A statewide effort to make it easier for people to vote is culminating this week. On Jan. 14, petitioners submitted tens of thousands of required signatures to the Division of Elections to earn the PFD voter registration initiative a spot on a ballot this fall. The campaign began late last year in Anchorage and snowballed to other communities, including Sitka, Ketchikan, Kotzebue, Bethel and Fairbanks. Overall, the PFD voter ballot initiative – a proposal that automatically registers people to vote at the same time they apply for their yearly payouts—has gained support from some 42,000 Alaskans. That’s nearly double the number it needed to make it on a ballot in case some signatures were invalid.
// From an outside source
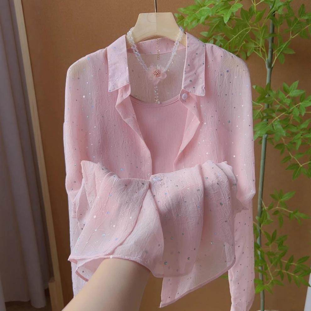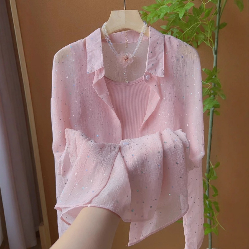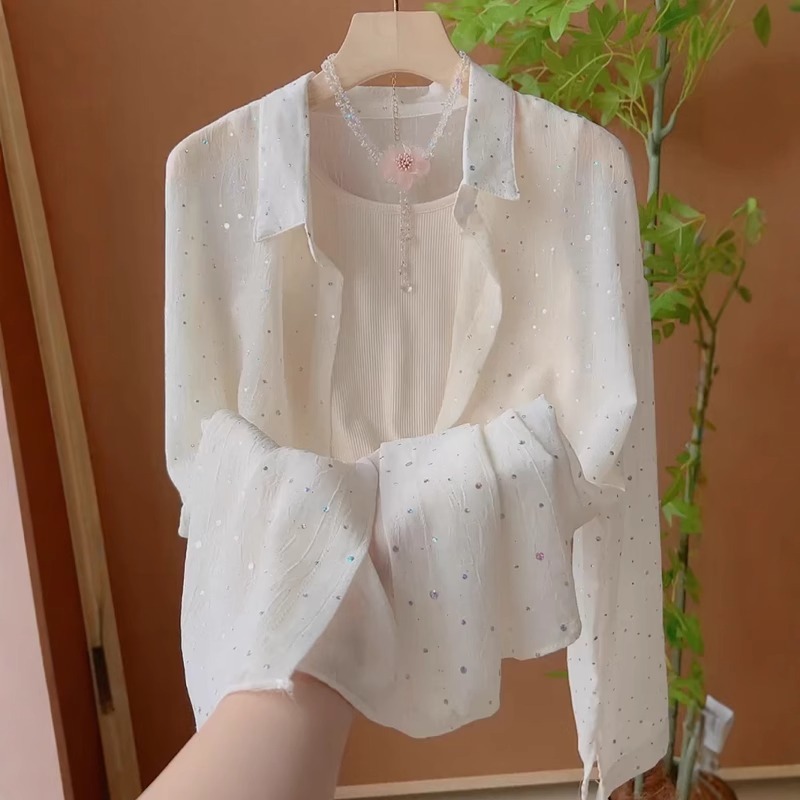 여성을위한 프랑스 달콤하고 부드러운 스타일 스팽글 얇은 자외선 차단 셔츠 여름 캐주얼 루즈 다용도 레이어드 자켓 탑

Here’s John-Henry Heckendorn, the Anchorage-based campaign manager for the PFD voter initiative. “We’re confident that by overshooting the required mark by so much we’re going to make it onto the ballot.”
After the Division of Elections combs through all the signatures, the proposal will likely show up in August’s primary or November’s general elections. Then, it will be up to voters.
Heckendorn says the “common sense” initiative was born out of a working group on elections reform, organized by Lt. Gov. Byron Mallot, and gained support across party lines.
The PFD voter ballot initiative is endorsed by a broad spectrum of agencies, including the NAACP, the League of Women voters and the Alaska Federation of Natives. The majority of the campaign’s funding has come from ANCSA Regional Association, Alaska Conservation Voters and the ACLU of Alaska.